In 1927 Léger executed several compositions on the subject of a still-life featuring a bunch of grapes and a fish, combined with abstract, geometrically shaped elements. Merging the traditionally opposed manners of figurative and abstract painting, in Grappe et poisson Léger created a dynamic composition that juxtaposes everyday objects and forms usually found in Léger’s still-lifes, with abstract forms such as the L-shaped bar resembling a ruler. The artist painted all elements of the composition in the same two-dimensional manner, thus emphasising the flatness of the picture plane. Even the recognisable commonplace objects are reduced to geometric shapes: the grapes are represented as overlapping circles, while the fish displays the same chequered pattern as the draughtboard featuring in several compositions painted the same year.

 

The elegant and clearly delineated composition of Grappe et poisson points to the impact of the Purism of Ozenfant and Le Corbusier on Léger’s painting during this time.
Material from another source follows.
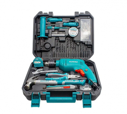 Kit Total Taladro percutor 680W + herramientas 115Pz (THKTHP1152) Taladro de impacto de 680W 1 Martillo 220g 1 Destornillador SL5.5...

A search for classical beauty and balance that characterised the so-called rappel à l’ordre influenced many avant-garde artists working in Europe in the aftermath of the First World War. During this time Léger focused his creative output on the still-life genre, combining everyday objects with elements of the natural world (fig. 2). Executed in large blocks of solid unmodulated pigment, the work encapsulates Léger’s belief in the key role of pure colour in his painting. Rather than representing a likeness of the world that surrounds him, the artist uses overlapping patches of colour as the principal element of the composition, creating new spatial relationships within the two-dimensional plane of the canvas.

 

Writing about Léger’s works of 1927, Douglas Cooper observed: ‘Gradually he exchanged the monumental for the living. The architectural elements disappeared and were replaced by scattered objects setting up a rhythm between themselves, while the space in which they moved was created by pushing the objects into the foreground and setting up a play of colours in the background. The objects are related to each other by means of carefully controlled chromatic values, by similar or opposing rhythms and by the use of lines of direction which weave in and out through the whole composition. Léger places his objects at just the right distance from each other: they are held there by virtue of the laws of harmony and rhythm’ (D. Cooper, Fernand Léger et le nouvel espace, London, 1949, p. XIV). In the present composition, Léger achieved this sense of rhythm through a juxtaposition of circular, straight and diagonal lines and a bright palette, set against a dark monochromatic background.

 

Léger himself explained the abstract element of his painting: ‘The realistic value of a work of art is completely independent of any imitative character. This truth should be accepted as dogma and made axiomatic in the general understanding of painting. [...] Pictorial realism is the simultaneous ordering of three great plastic components: Lines, Forms and Colours. [...] the modern concept is not a reaction against the impressionists' idea but is, on the contrary, a further development and expansion of their aims through the use of methods they neglected. [...] Present-day life, more fragmented and faster moving than life in previous eras, has had to accept as its means of expression an art of dynamic divisionism; and the sentimental side, the expression of the subject (in the sense of popular expression), has reached a critical moment. [...] The modern conception is not simply a passing abstraction, valid only for a few initiates; it is the total expression of a new generation whose needs it shares and whose aspirations it answers’ (quoted in Dorothy Kosinski (ed.), Fernand Léger, 1911-1924, The Rhythm of Modern Life, Munich & New York, 1994, pp. 66-67).